Our universe, our golden egg, exists in its own sub- or nested space, a function of self-aware consciousness. That nested space is one of many such nested spaces containing universes in this creation. So yes, there are other universes but they are not parallel or alternate. Rather they are each distinct entities with their own slightly unique laws of nature. This allows for an astonishing variety of unique experiences, vastly more than the dense variety of life on our planet or in our galaxy.

Within our creation, universes are a relatively small object. Relative to the cosmic body, the one body that expresses all bodies in all universes, a universe is about the size of a pea and exists at about the hip level.

Our creation with our form of universes is unique as far as I’ve seen. Most are simpler and all are wildly different from ours with totally different natural laws and principles.
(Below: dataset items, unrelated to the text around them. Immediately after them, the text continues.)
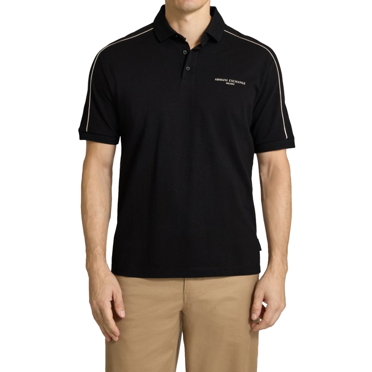 Tricou Armani Exchange pentru bărbați, confecționat din bumbac de calitate, cu croială clasică și guler cu nasturi. Modelul se remarcă prin liniile fine contrastante de pe umeri și mâneci, care adaugă o notă modernă și sportivă. Logo-ul Armani Exchange Milano este discret aplicat pe piept, oferind un detaliu elegant și autentic. Acest tricou este o piesă versatilă, perfectă atât pentru ținute casual, cât și pentru combinații smart-casual.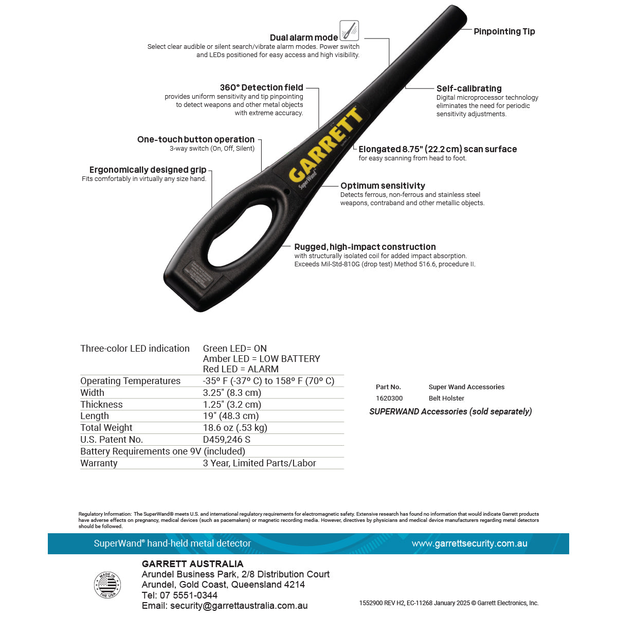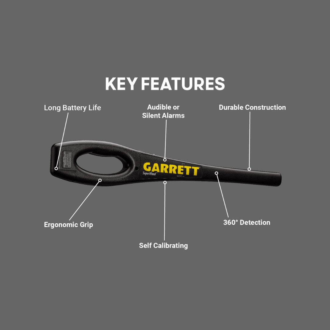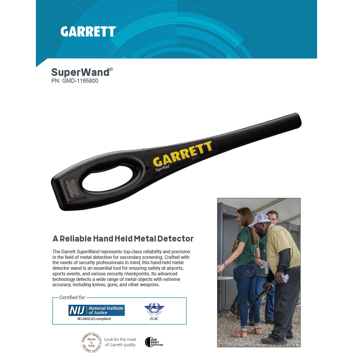 The Garrett SuperWand represents high reliability and precision in metal detection for secondary screening. Designed with the needs of security professionals and law enforcement in mind, this hand-held metal detector wand is an essential tool for ensuring safety at airports and other security checkpoints.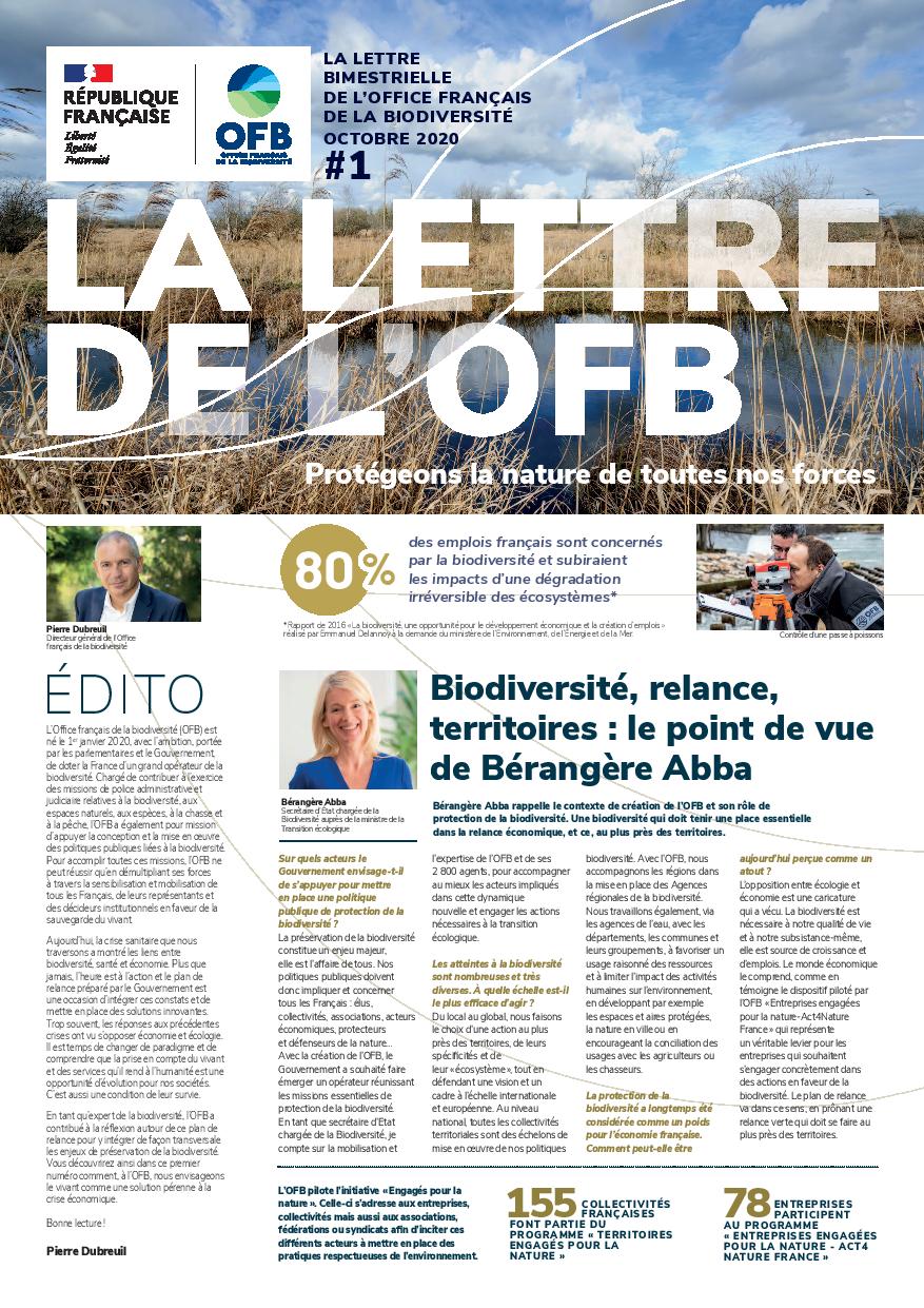 La lettre de l'OFB est la lettre d’information bimestrielle de l’Office français de la biodiversité. Elle met en avant les missions et les actions de l’établissement et de ses partenaires.

Each creation arises as a musing or impression in the mind of God, when attention falls upon it. Like a single one of your zillion thoughts a day. And from that small musing comes the vastness of life that is beyond comprehension – even just in our own galaxy. But from the perspective of the mind of God, no creation actually becomes anything. Nothing has every happened or ever will. Creations are simply a musing in the mind of God, a means of experiencing, a daydream.

That nothing happens further tells us the mind of God is the lowest aspect of the divine. But none of this should in any way give you the impression it’s all meaningless. It is so dense with meaning, it is beyond our capacity. And we are an intimate part of it.

This is nothing to believe. It is not “truth”. It is simply one perspective offered to give you a broad idea of the profundity of the divine.